BERT is just a single text diffusion step
Connection between BERT/MLM and diffusion
- Many commenters like the framing that masked language modeling (MLM) is essentially a single denoising step of a diffusion process.
- Several note this connection has been made before in papers on text diffusion and generative MLMs; the post is praised more for its clarity and simplicity than for novelty.
- Some argue the “is this diffusion or MLM?” taxonomy is unhelpful; what matters is whether the procedure works, not the label.
Noise, corruption, and token semantics
- A key distinction raised: continuous diffusion adds smooth noise, whereas in text you must corrupt discrete symbols.
- Simple random corruption (e.g., random bytes or tokens) is easy but may not teach robustness to realistic model “mistakes,” which are usually semantically related errors.
- Several attempts and papers tried semantic corruption (e.g., “quick brown fox” → “speedy black dog”), but masking often turned out easier for models to invert.
Diffusion vs autoregressive LLMs and human cognition
- One camp feels diffusion-like, iterative refinement is more “brain-like” than token-by-token generation, matching personal experience of drafting and revising.
- Others push back: humans still emit words sequentially; internal planning and revision happen in a latent, higher-level space, not literally as word-diffusion.
- Long subthread debates whether autoregressive models “plan ahead.” Cited interpretability work suggests they maintain latent features for future rhyme or structure.
- There is disagreement over whether re-evaluating context each token (with KV cache) counts as genuine planning or “starting anew with memory.”

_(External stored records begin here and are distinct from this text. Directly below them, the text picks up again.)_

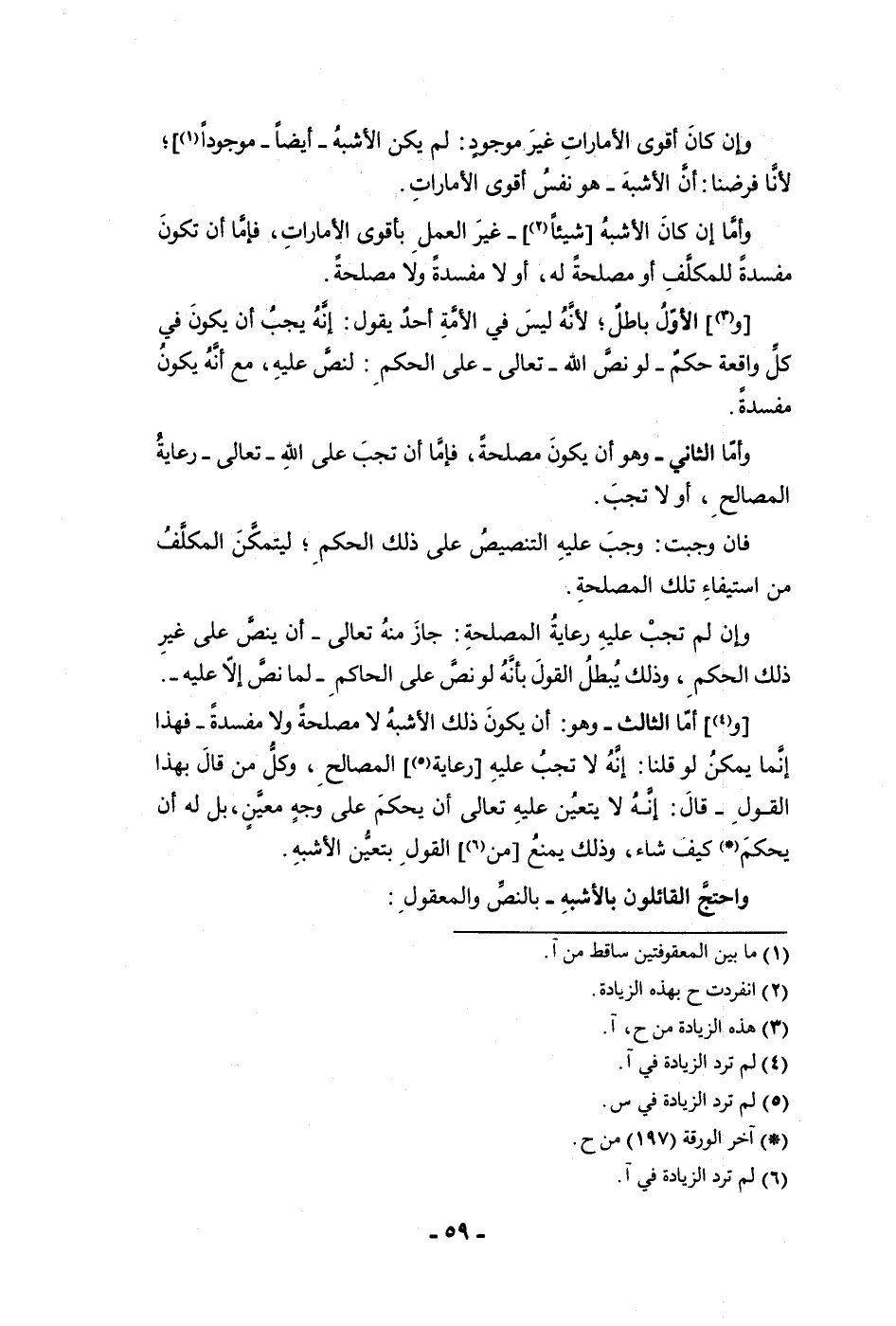 وإن كان أقوى الأمارات غير موجود لم يكن الأشبه أيضا موجودا لأنا فرضنا أن الأشبه هو نفس أقوى الأمارات وأما إن كان الأشبه شيئا غير العمل بأقوى الأمارات فإما أن تكون مفسدة للمكلف أو مصلحة له أو لا مفسدة ولا مصلحة والأول باطل لأنه ليس في الأمة أحد يقول إنه يجب أن يكون في كل واقعة حكم لو نص الله تعالى على الحكم لنص عليه مع أنه يكون مفسدة وأما الثاني وهو أن يكون مصلحة فإما أن تجب على الله تعالى رعاية المصالح أو لا تجب فان وجبت وجب عليه التنصيص على ذلك الحكم ليتمكن المكلف من استيفاء تلك المصلحة وإن لم تجب عليه رعاية المصلحة جاز منه تعالى أن ينص على غير ذلك الحكم وذلك يبطل القول بأنه لو نص على الحاكم لما نص إلا عليه وأما الثالث وهو أن يكون ذلك الأشبه لا مصلحة ولا مفسدة فهذا إنما يمكن لو قلنا إنه لا تجب عليه رعاية المصالح وكل من قال بهذا القول قال إنه لا يتعين عليه تعالى أن يحكم على وجه معين بل له أن يحكم كيف شاء وذلك يمنع من القول بتعين الأشبه واحتج القائلون بالأشبه بالنص والمعقول
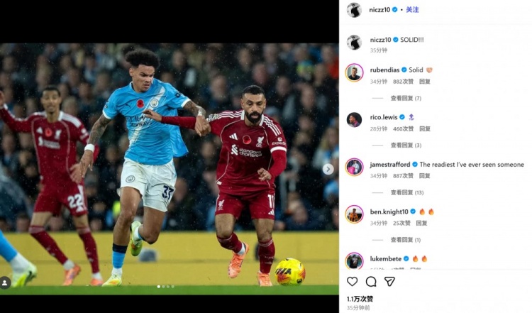 奥赖利也通过社媒晒出我方对位萨拉赫的比赛照,并配文“硬!”抒发我方的郁勃之情。
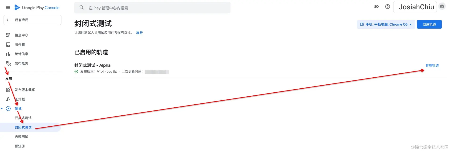 - 选择【测试】→【封闭测试】→【管理轨道】(如果没有轨道,可以创建一个)。
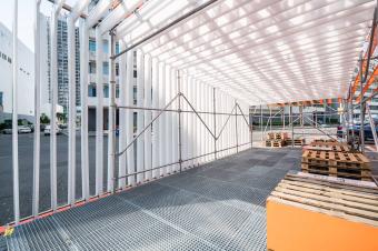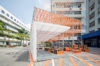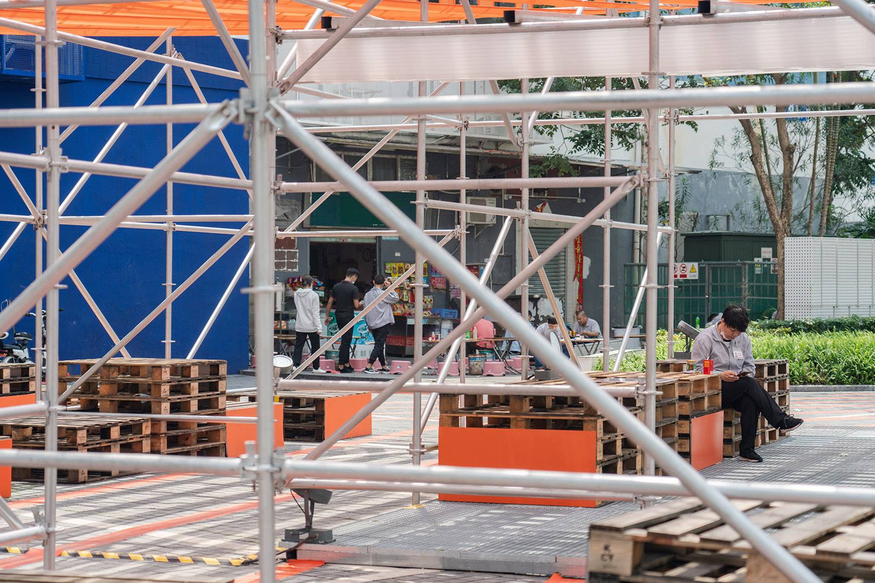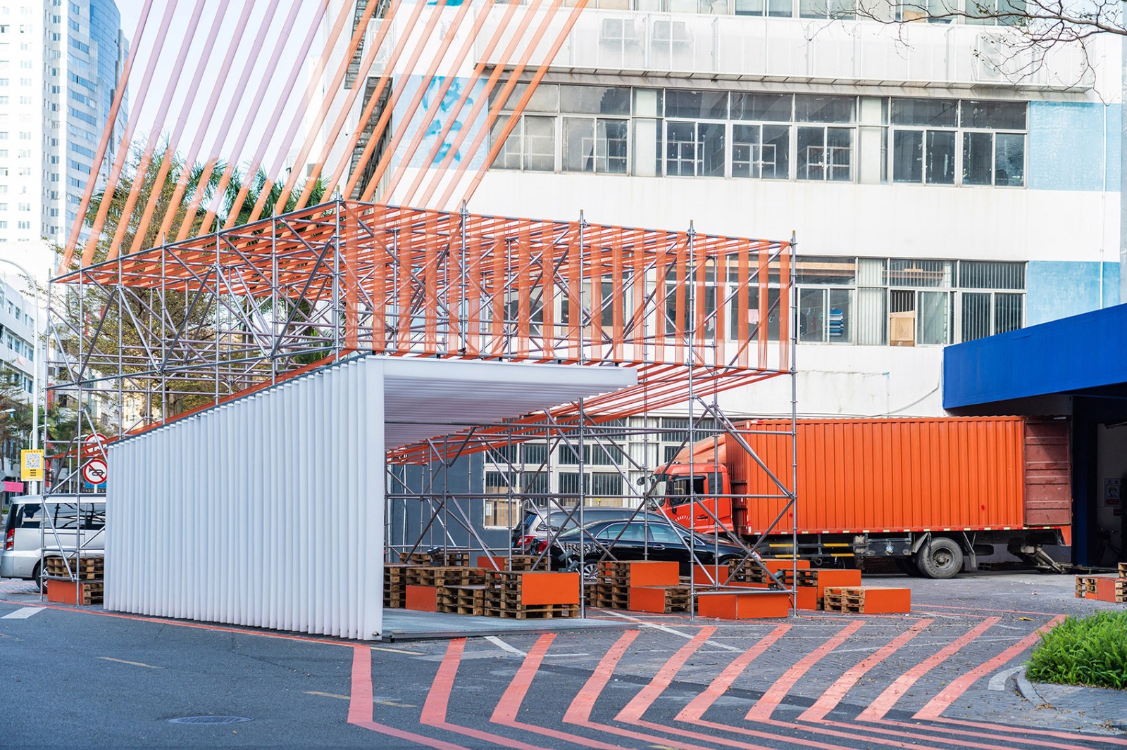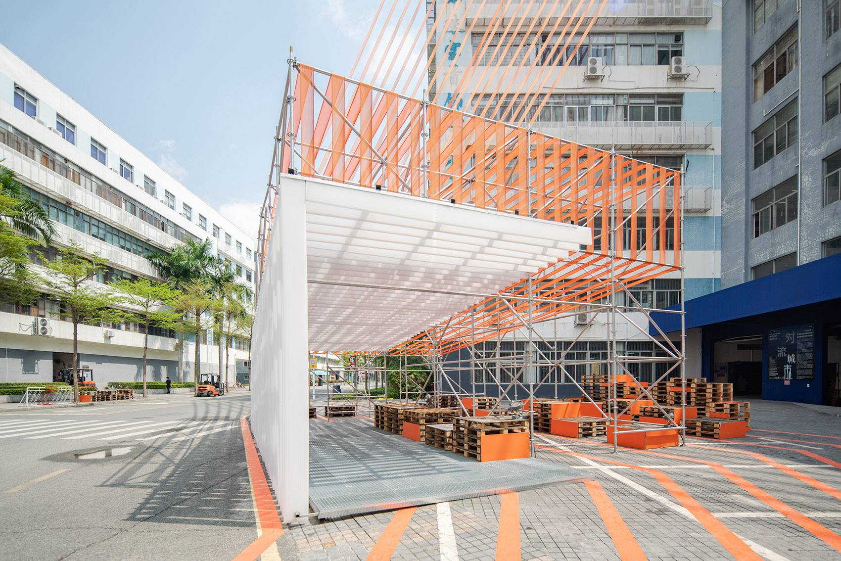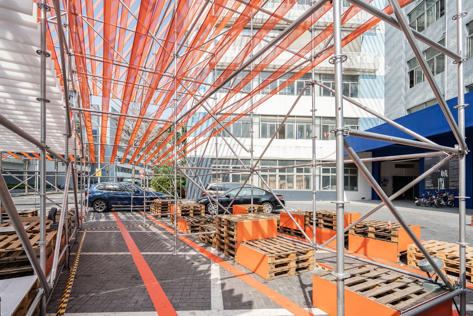室內(nèi)展場(chǎng)入口處的涼亭使用雷亞架作為主要結(jié)構(gòu),具有高度通透感。訪客可以在此稍事休息,展覽的戶外活動(dòng)也可以在這里舉行,如同保稅區(qū)的“城市客廳”,容納各種即將到來(lái)的展覽活動(dòng)。

Editing, backtracking, and code applications
- Diffusion-style models naturally support in-place editing: masking regions to refine or correct them instead of only appending tokens.
- This is seen as especially promising for code editing and inline completion, where you want to revise existing text, not just extend it.
- Commenters note that diffusion can already reintroduce noise and delete tokens; ideas include logprob-based masking schedules and explicit expand/delete tokens for Levenshtein-like edits.
Design challenges and open directions
- Discrete tokens force diffusion into embedding space, making training more complex than pixel-level image diffusion.
- People are interested in:
- Starting from random tokens vs full masks.
- Hybrid models combining continuous latent diffusion with autoregressive transformers.
- Comparisons with ELECTRA/DeBERTa and availability of open text-diffusion bases for fine-tuning, especially on code.